Foundry segment revenue was $309 million, up sequentially from $256 million. But note that selling this comes from sales to other segments, so to total revenue is nulled.
Fusion component program is exceeding expectations. It secured over 100 partners.
Cost of sales was $911 million, leaving gross margin of $735 million. R&D expense was $432 million; marketing, general and admin expense $239 million, amortization $18 million. The legal settlement of $1.242 billion was entered as a credit against expenses, giving an operating income of $1.29 billion. Interest net expense was $116 million. Other income was $19 million. Income tax provision was $11 million. Loss from discontinued operations was $3 million.
GlobalFoundries has been deconsolidated, starting with Q1 2010. Our investment in Global Foundries will be reported on an equity basis. There may be a one-time non-cash impact (not necessarily a charge) in Q1.
ASP increase for GPU, and channel inventory? ASP benefit was driven by the ramp of the 40 nm DX 11 products. We don't see anything unhealthy about inventories downstream from us.
2010 as a whole, pricing strategy? We price with a mind to maximizing gross margin dollar volume. But there are a lot of moving parts, notably in emerging markets. We believe we will have a richer spread with OEMs, as now we are concentrated in value segments of market. We are also looking to drive a higher GPU attach rate.
Notebook design wins, relation to graphics? We have design win momentum, for example with the Lenovo announcement. Our strategy is around a consumer-driven usage model. More designs have discrete graphic attach capability, also more discrete graphics going out the door.
Enterprise refresh cycle this year? The big volume opportunity is consumer. SMB segment is bigger than enterprise segment, and we are targeting SMB, but should bleed over to enterprise because they represent good value.
More on deconsolidation charge? We will show a line, investment in GlobalFoundries. We won't release that or the gain/charge until we release Q1 results.
Graphics market share gains? A lot of our q/q growth was driven by notebooks, so clearly we gained share in that segment. We ship a lot of AMD cards when we introduce a new technology (DX 11); there was a lot of card revenue in the quarter. Anecdotal evidence is that GPU attach rates are going up, particularly on notebooks. Our professional graphics revenue is still small.
Response to NVIDIA rolling out Fermi? They have not launched anything yet. We have good OEM design wins; the OEMs see both company's road maps. Our entire lineup will be refreshed "in the second half of next year."
Server units did grow somewhat faster than other segments, but did not make a major contribution to improved margins. Fabless, 45 nm transition, and ASP improvements were more important.
We feel good about Opteron recapturing share in the 2 socket space with the launch of Magny-Cours, and that is 75% of the opportunity.
PC inventories look to be in good shape.

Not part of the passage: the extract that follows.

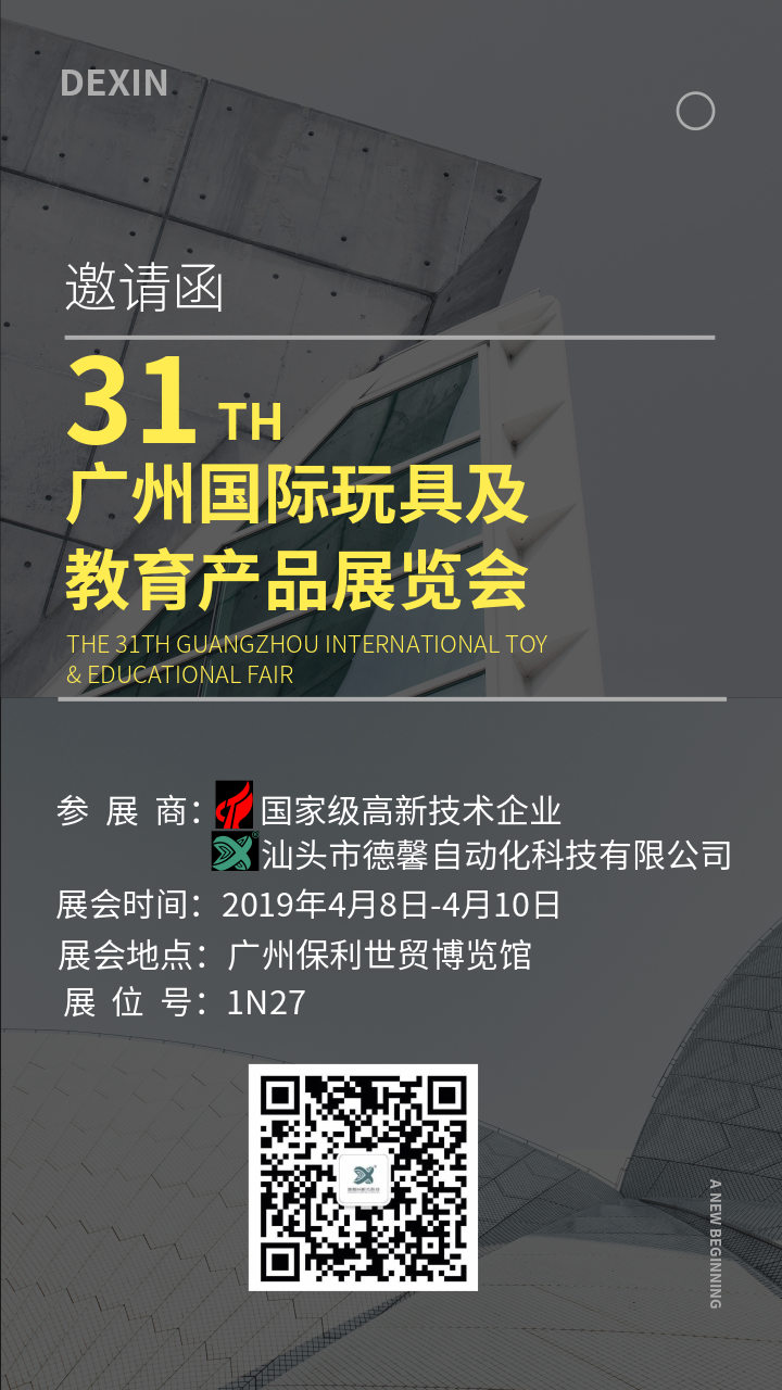 第31屆廣州國際玩具展,德馨自動化科技誠邀您的光臨與指導!

We think 2010 will be a year of unit growth.
Interest expense for 2010? Will come down. We saw little benefit in Q4 numbers from changes.
Server market recovery in 2010? We were surprised at how robust demand was in Q4. We saw particular strength in HPC and cloud buildout. Predicting the enterprise refresh cycle is more difficult. Geographically, we saw signs of strength everywhere.
Were you constrained in graphics in the quarter? We were heavily constrained in the quarter. We could have done a lot more business if we had not been constrained. We are still constrained today despite some progress.
Q1 margin will be hurt by lower seasonality; possibly helped by lower production costs.
Inventory guidance? We have been building for graphics launch, but expect flat Q4 to Q1.
There was substantial 55 nm, DX 10 GPU revenue in Q4.
Seasonality means down 5% to 10% to Q1 from Q4.
Historic ASP trend is down. We hope for flat ASPs in 2010 as we take share in higher ends of markets.